To do ->
Return, exactly and in full, the lines of the records below starting at the one with "THE KREMLIN, MOSCOW." and ending at the one with "Roxette (Marie Fredriksson", and no other lines.

Study material ->
══════════════════════════════
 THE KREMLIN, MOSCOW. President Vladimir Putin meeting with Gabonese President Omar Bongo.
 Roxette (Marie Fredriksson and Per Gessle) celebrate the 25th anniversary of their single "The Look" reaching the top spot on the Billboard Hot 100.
══════════════════════════════
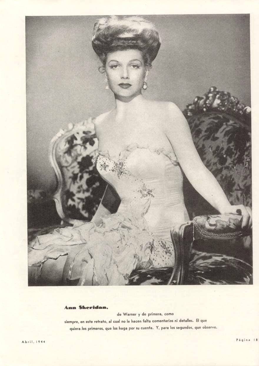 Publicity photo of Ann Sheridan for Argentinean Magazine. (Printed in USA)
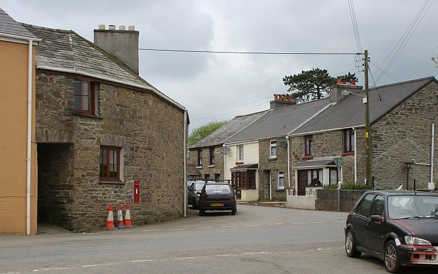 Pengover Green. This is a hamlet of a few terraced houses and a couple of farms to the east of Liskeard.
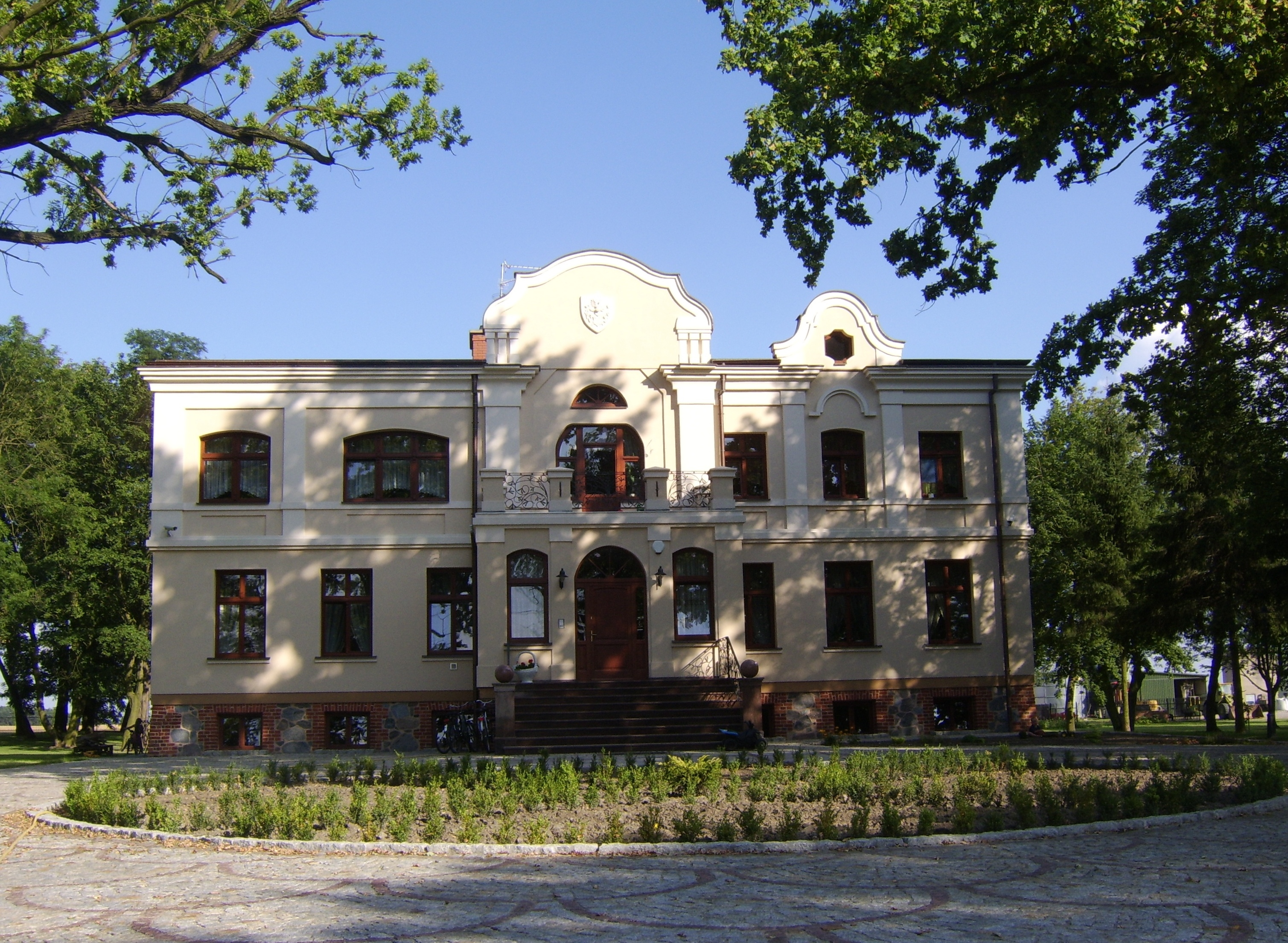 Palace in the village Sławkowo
══════════════════════════════
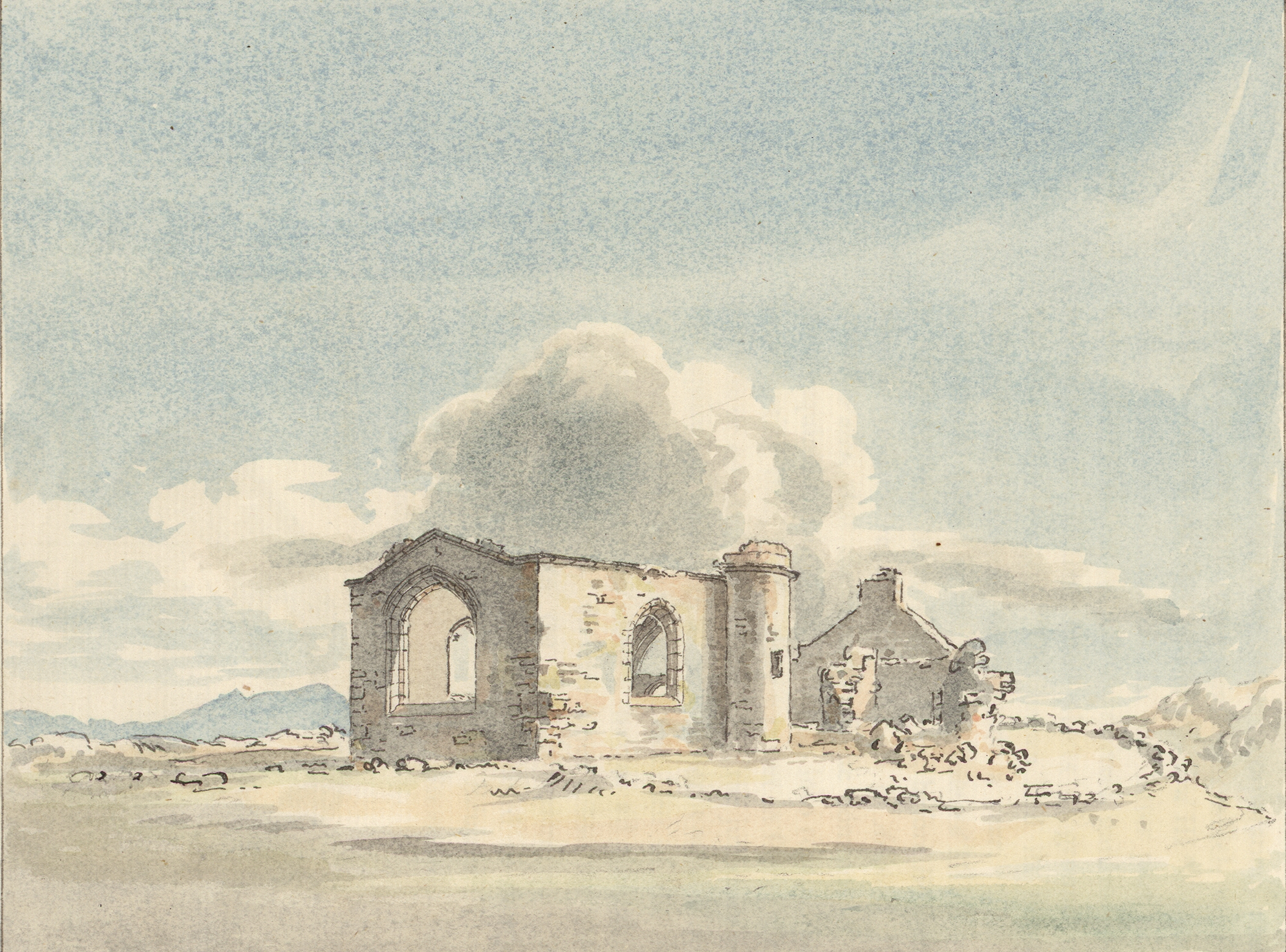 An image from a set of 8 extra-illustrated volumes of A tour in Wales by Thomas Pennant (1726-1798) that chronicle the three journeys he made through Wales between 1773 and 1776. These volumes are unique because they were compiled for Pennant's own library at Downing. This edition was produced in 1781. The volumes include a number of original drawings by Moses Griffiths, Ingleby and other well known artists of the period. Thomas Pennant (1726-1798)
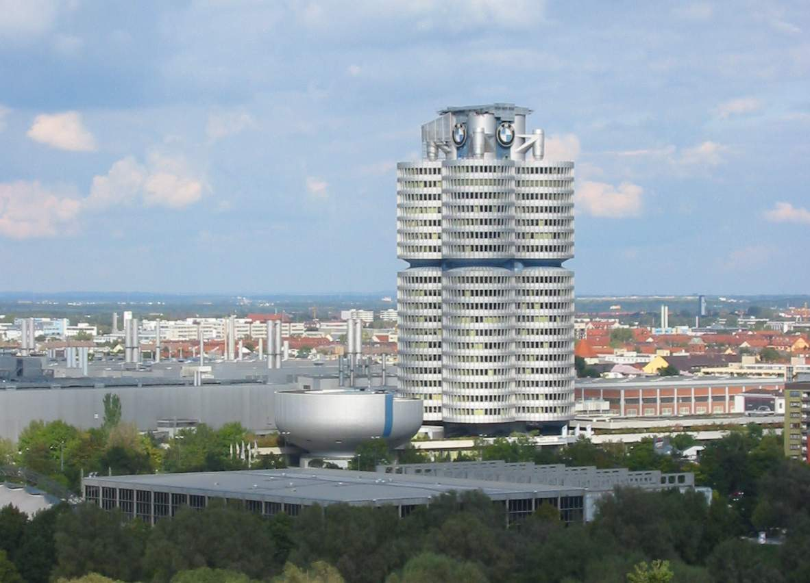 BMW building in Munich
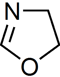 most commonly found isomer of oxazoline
══════════════════════════════
Result of this task ->
 THE KREMLIN, MOSCOW. President Vladimir Putin meeting with Gabonese President Omar Bongo.
 Roxette (Marie Fredriksson and Per Gessle) celebrate the 25th anniversary of their single "The Look" reaching the top spot on the Billboard Hot 100.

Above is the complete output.